\n
## Line Charts: Accuracy vs. Number of Solutions for Different Models
### Overview
The image presents eight line charts, arranged in a 2x4 grid, displaying the accuracy of various language models (Owen and Gemma) on four different math datasets: MATH, AMC23, AIME24, and Minerva Math. Accuracy is plotted against the number of solutions (N), ranging from 2<sup>2</sup> to 2<sup>5</sup> (4 to 32). Each chart focuses on a specific dataset and compares the performance of different model variants.
### Components/Axes
* **X-axis:** Number of Solutions (N), labeled as "Number of Solutions (N)". Scale: 4, 8, 16, 32.
* **Y-axis:** Accuracy (%), labeled as "Accuracy (%)". Scales vary per chart, but generally range from approximately 32% to 95%.

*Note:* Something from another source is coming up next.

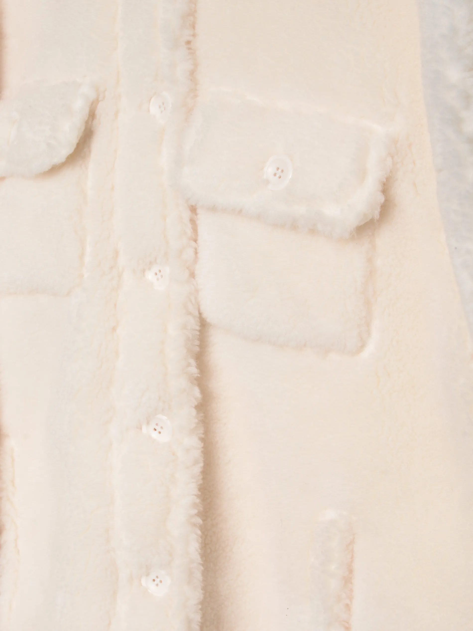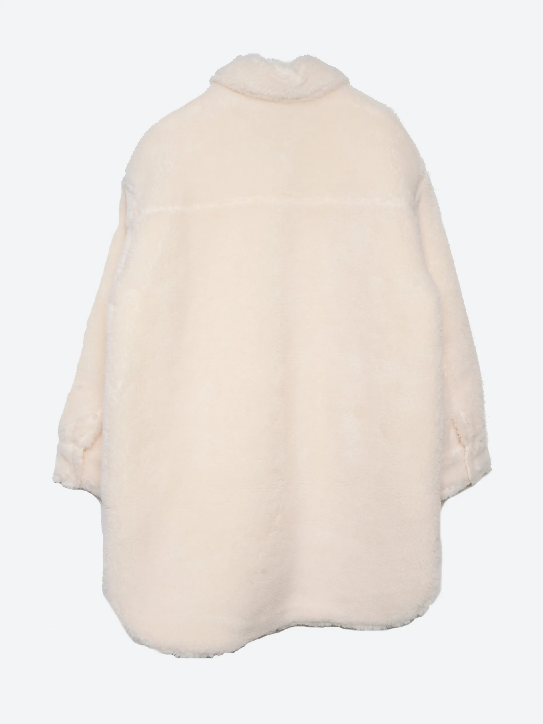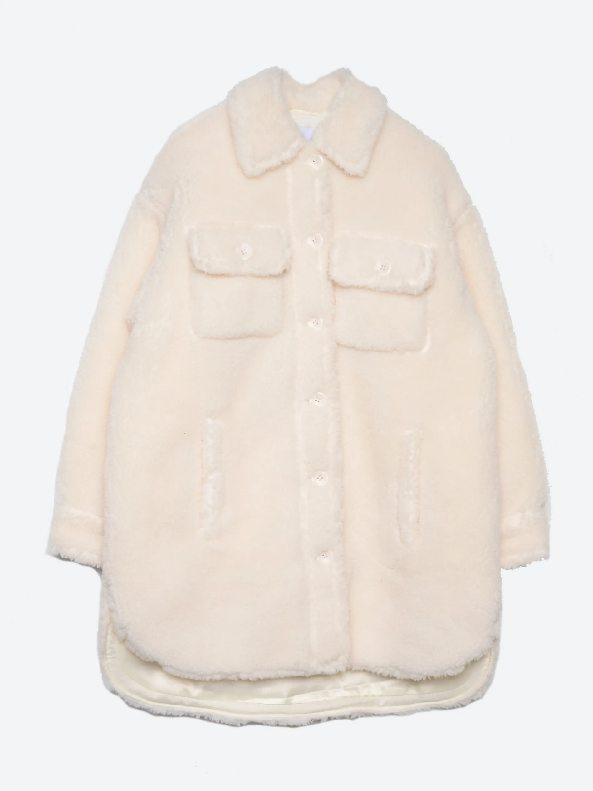 Sabi is an oversized shirt-style jacket crafted from warming wool-blend faux fur. It’s designed with a point collar, breast pockets and front button fastenings. The perfect outer layer for a Sunday stroll.

* **Legend:** Located at the top of the image, spanning all charts. The legend identifies the following models/metrics:
* Pass@K (Dark Blue)
* Maj. (Light Blue)
* GenPRM-7B (Pass@1) (Green)
* GenPRM-7B (Maj@8) (Orange)
* Qwen2.5-Math-7B (Red)
* Qwen2.5-Math-7B-PRM800K (Purple)
* Skywork-7B (Teal)
* Skywork-1.5B (Yellow)
* **Chart Titles:** Each chart is labeled with the dataset name and the model family (Owen or Gemma) in parentheses, e.g., "(a) MATH (Qwen)", "(f) AMC23 (Gemma)".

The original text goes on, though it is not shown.